The first chapters are painful and awkward, just as Auggie’s first days at school are. He meets some nice kids, some not so nice kids, finds a place to eat lunch in relative peace, and does his best to keep his protective parents from freaking out.
Things aren’t easy for Auggie, but by the end of the novel, he has shown that he has the strength to deal with adversity. The reader can relax, not because the threat of mean people has gone away, but because we know Auggie, with a little help from his friends, can handle it.
In the end, Auggie finds true friendship, learns how to be a good friend himself, and is recognized for his kind-heartedness. Tears streamed down my face as I read the final pages.
I actively look for kids books that will evoke an emotional response in my 8-year-old because I’m convinced emotional intelligence starts with stories.

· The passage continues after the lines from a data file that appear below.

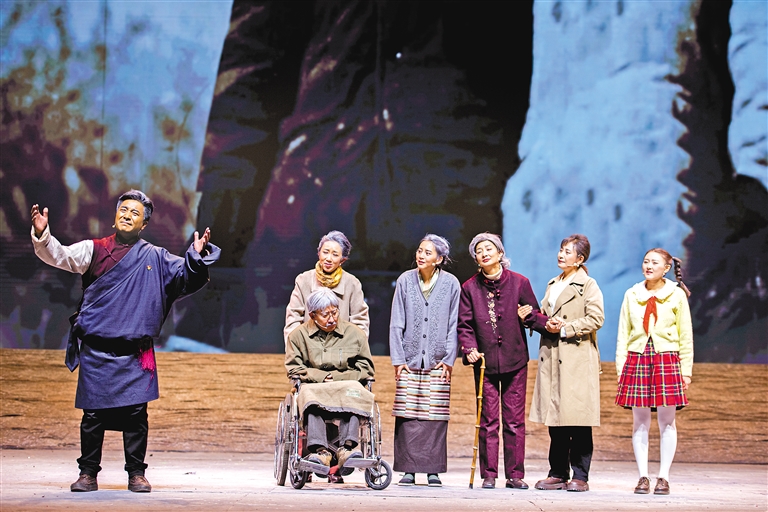 今年3月底,由西藏自治區(qū)文旅廳主辦的2024年格?;ㄑ莩黾镜谝患疚乃嚮顒印o念西藏百萬農奴解放65周年文藝演出啟動,話劇《老西藏》作為開場劇在西藏大劇院連續(xù)演出3天。
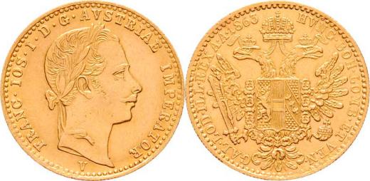 Dukát 1863 V, 3.465g, nep.hr., dr.rysky, patina RR!
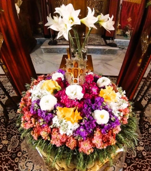 Στην Κάλυμνο σύμφωνα με το έθιμο οι εκκλησίες ετοιμάζουν μικρές φούντες από κρίνα και άλλα ανοιξιάτικα λουλούδια που μοιράζονται στους πιστούς.
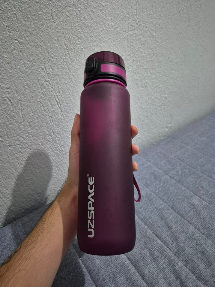 Uzspace marka koyu mor renkte, güvenli kapaklı ve taşıma kayışlı suluk. 1 litre kapasiteli.
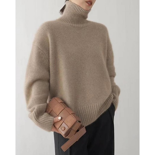 Per donna Felpa Maglione Streetwear Casual Tinta unica Dolcevita Lavorato a maglia Manica Lunga Top Regolari Maglia Quotidiano Ferie Weekend Blu marino Cammello Autunno Inverno
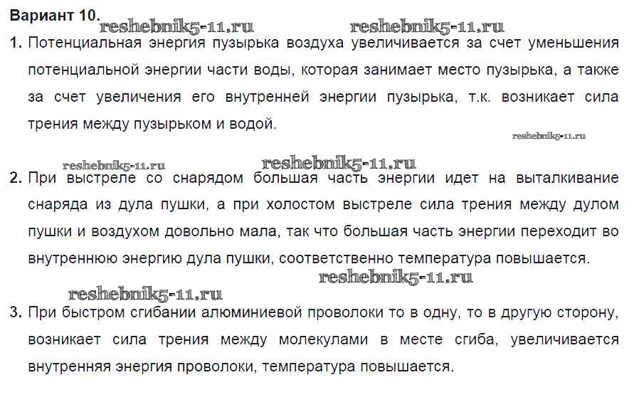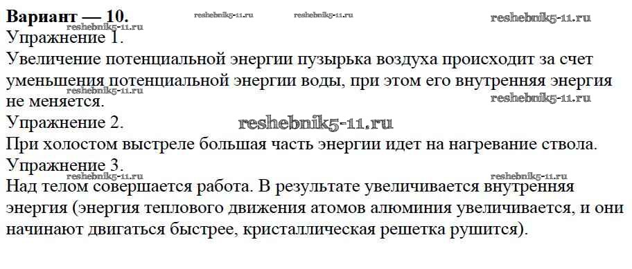 Готовая домашняя работа с ответами по Физике за 8 класс Марон Дидактические материалы Вертикаль Дрофа 2016 ФГОС - СР №1. Внутренняя энергия. Варианты 10
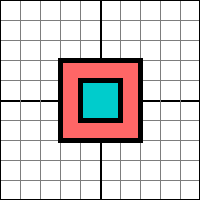 Comme cette application va de "R²" dans "R²", ce carré a une image dans "R²", que l'on peut facilement calculer. En effet notre carré est défini par ces sommets de coordonnées "(-1, -1)", "(-1, 1)", "(1, 1)" et "(1, -1)" : leur image est "(-2, -2)", "(-2, 2)", "(2, 2)" et "(2, -2)". Affichons graphiquement le résultat (ici en rouge, en arrière plan du carré de départ).

The ending of Wonder has what it takes to evoke feelings in young readers: love for Auggie, relief that Auggie has found acceptance, and faith that people are generally kind — even if they sometimes make mistakes.
Appealing for all ages
Wonder is appropriate for a Grade 4, 5, or 6 student to read alone, thanks to short chapters, simple sentences and fast-moving dialogue.

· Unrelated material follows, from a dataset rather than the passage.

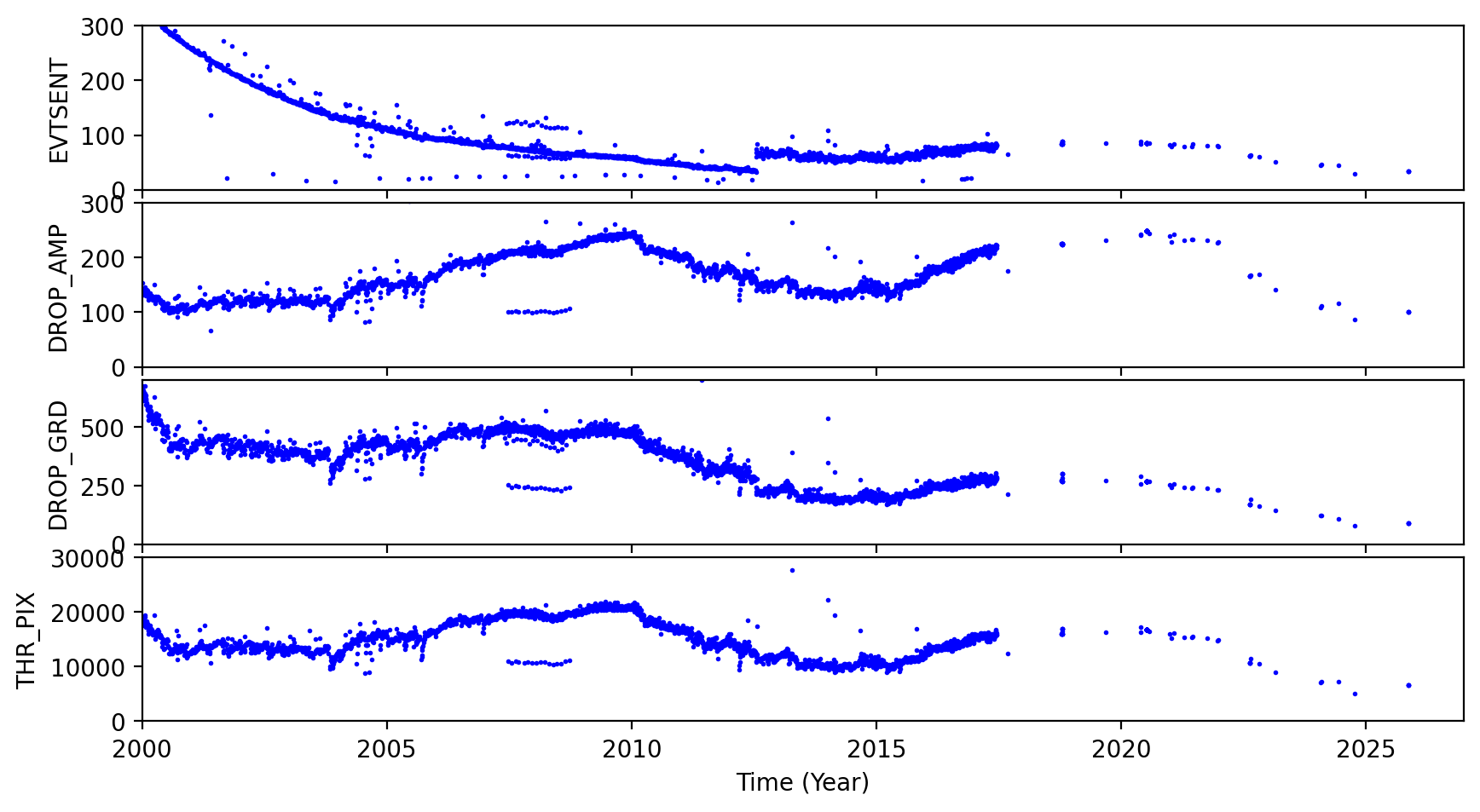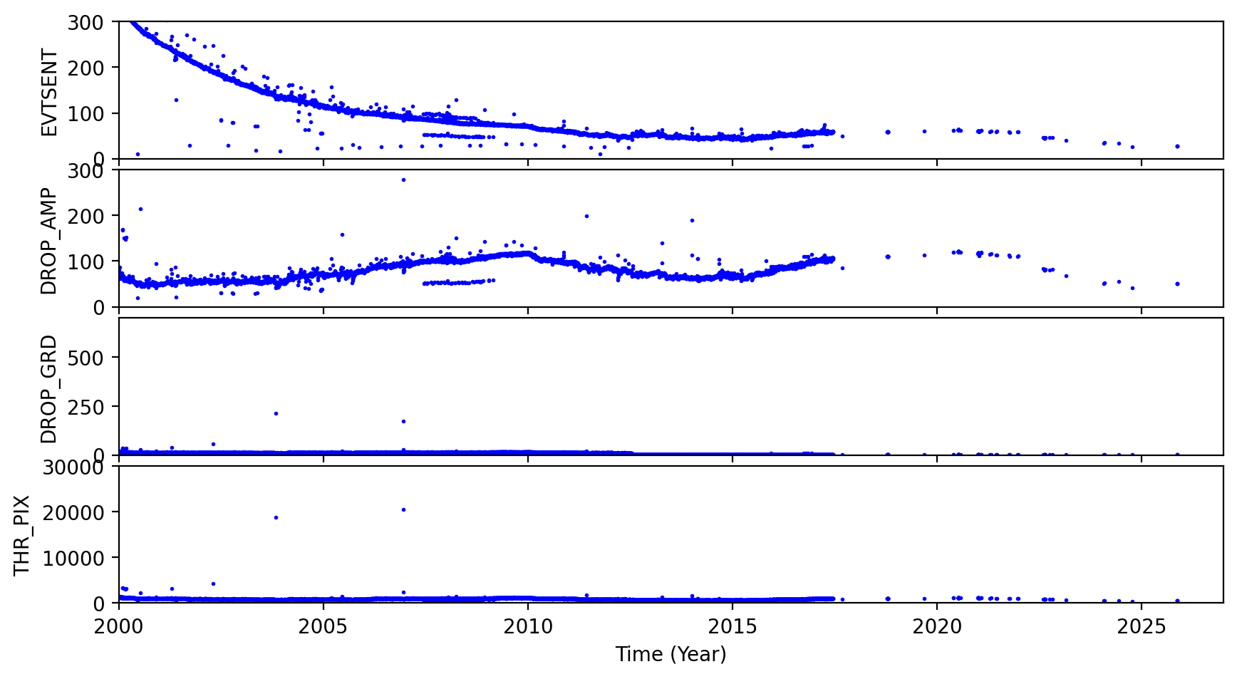 The links below are plots of stat1 quantities, showing on-board rejected events. The average EVTSENT, DROP_AMP, DROP_POS, DROP_GRD, THR_PIX, and maximum BERR_SUM obtained from L1 acis*stat1.fits files are plotted for each observation. CTI observations are plotted separately from regular science observations.

It’s told in a first-person point of view, but the point of view shifts from one character to another throughout the book. Palacio gives voice to a wide variety of characters, including Auggie’s older sister Via, his friend Jack, and even his mother.
The result is a surprisingly nuanced message and a book that is satisfying for adults as well as kids.

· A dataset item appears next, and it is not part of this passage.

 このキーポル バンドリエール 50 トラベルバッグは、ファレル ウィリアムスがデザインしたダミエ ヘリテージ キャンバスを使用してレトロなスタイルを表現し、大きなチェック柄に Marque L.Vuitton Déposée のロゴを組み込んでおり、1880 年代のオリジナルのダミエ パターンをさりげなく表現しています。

As the Wall Street Journal reported in 2013, this book had a slow start in bookstores, but after adults discovered it, it became a massive hit. A special edition of the book featured fan letters from grown men who cried at the end, and even a 93-year-old who was reminded of how difficult it can be in middle school to find a safe place to eat your lunch.
The thing is, this book isn’t really about a kid with facial differences. It’s about how everyone is a little bit different, and everyone must face the challenge of staying to true to oneself despite social pressure to fit in.
Auggie’s friend Jack lives in poverty. His other friend Sunny lost her father at a young age. Auggie’s older sister Liv struggles with how her new high school friends might perceive her brother. Liv’s boyfriend Justin has brain differences.
Full of laughs and visual fun
It’s obvious why this book was made into a movie. Palacio’s scenes of middle school are highly visual. There’s Halloween day at school, a showdown with the bullies, a school play, and an awards ceremony.
That dramatic, visual quality is also what makes Wonder a great book. The contemporary world of the young person comes to vibrant life on the page, and it’s so delightful to feel each new character’s inner world unfold as the point of view shifts from person to person.
The snappy dialogue and pop cultural references give this book a sense of humour that make it genuinely interesting to kids. It doesn’t read like a sincere morality tale chosen by adults, but rather, a story about relatable, imperfect characters.